• **Requirement**
Please make an exact copy of the lines from the one holding "- 【Reversible L" through the end of the data, both ends included, with no pictures.

• **Supplied material**
□ □ □ □ □ □ □

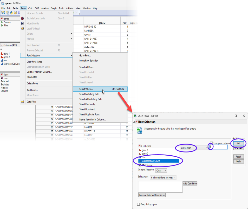 This action highlights all of the rows in the genes.jmp table with values smaller than "3" in the ExpressedCellCount column.
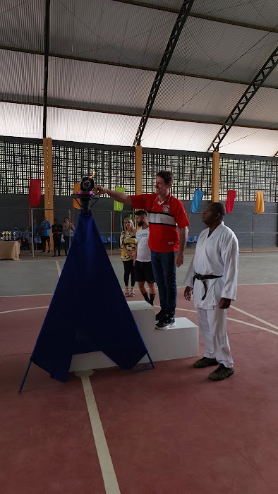 Ao lado do atleta das artes marciais, o ex-jogador de futebol Wildimar Faria dá início ao sonho local acendendo a pira olímpica
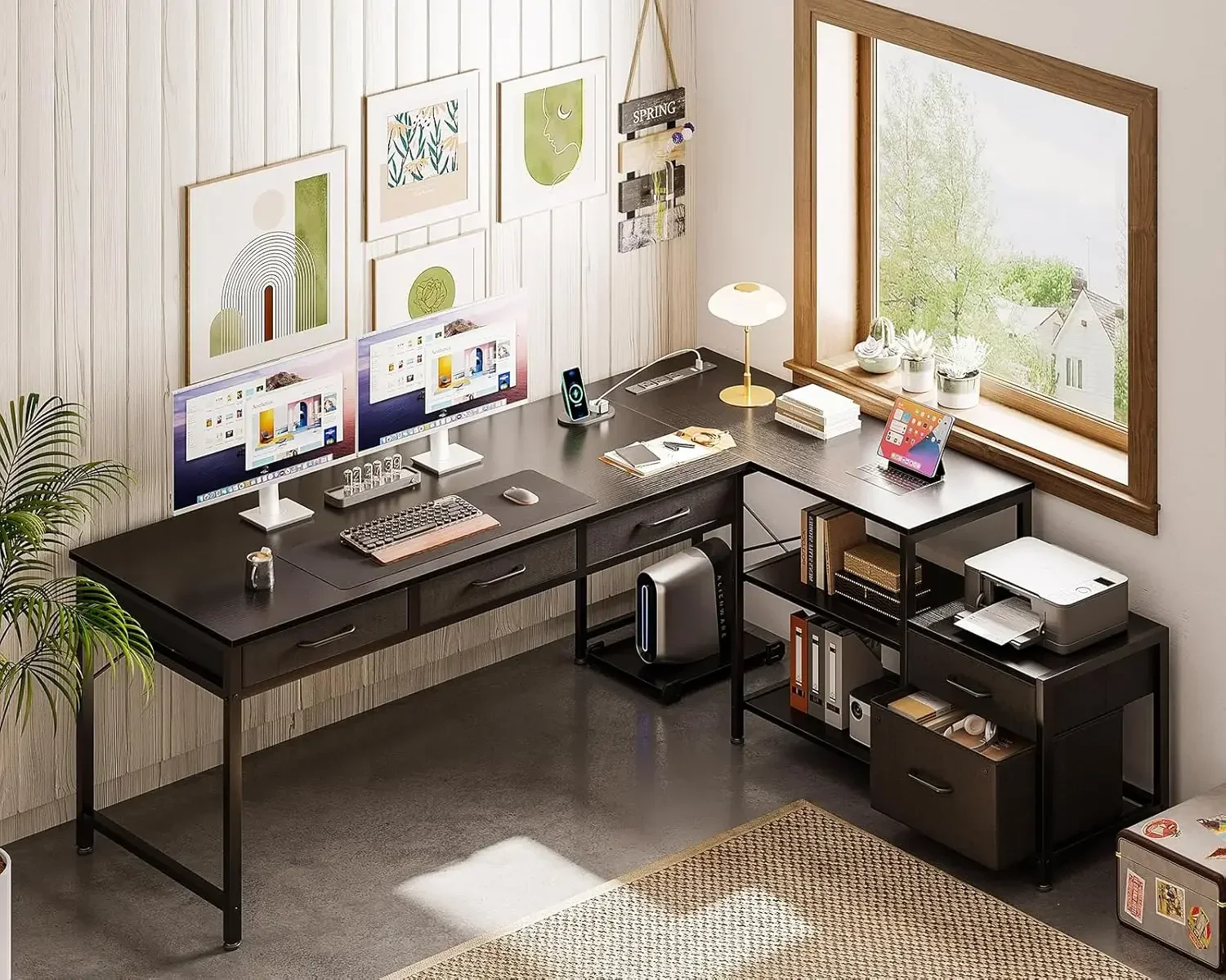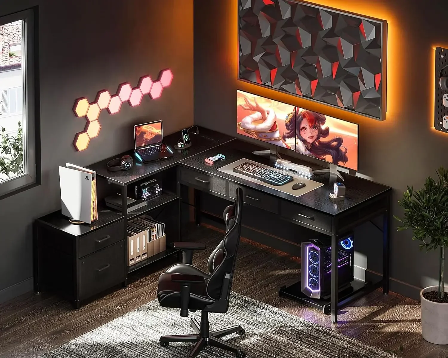 - 【Reversible L Desk with Two-tier Shelves】: This gaming desk has two storage shelves helping you accommodate more books and documents needed for office and study while strengthening the desk's weight-bearing capacity. The left and right interchangeable design allows this l-shaped desk to be placed in any corner of your room or office area, providing you with great convenience.
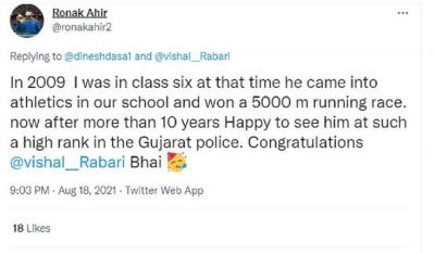 गुजरात पोलिसमध्ये अधिकारी बनलेल्या विशाल राबरी यांच्या शाळेतील एकाने जुनी आठवणी शेअर केली आहे. ज्यात २००९ मध्ये जेव्हा तो ६ वी होता तेव्हा विशाल राबरी आमच्या शाळेत आले होते. तेव्हा एथलेटिक्स ५ हजार मीटर धावण्याच्या स्पर्धेत ते जिंकले होते. आता १० वर्षांपेक्षा जास्त काळ झाला. ते पोलीस विभागात उच्च पदावर आहे हे पाहून आनंद वाटतो.

□ □ □ □ □ □ □

• **Expected answer**
 - 【Reversible L Desk with Two-tier Shelves】: This gaming desk has two storage shelves helping you accommodate more books and documents needed for office and study while strengthening the desk's weight-bearing capacity. The left and right interchangeable design allows this l-shaped desk to be placed in any corner of your room or office area, providing you with great convenience.
 गुजरात पोलिसमध्ये अधिकारी बनलेल्या विशाल राबरी यांच्या शाळेतील एकाने जुनी आठवणी शेअर केली आहे. ज्यात २००९ मध्ये जेव्हा तो ६ वी होता तेव्हा विशाल राबरी आमच्या शाळेत आले होते. तेव्हा एथलेटिक्स ५ हजार मीटर धावण्याच्या स्पर्धेत ते जिंकले होते. आता १० वर्षांपेक्षा जास्त काळ झाला. ते पोलीस विभागात उच्च पदावर आहे हे पाहून आनंद वाटतो.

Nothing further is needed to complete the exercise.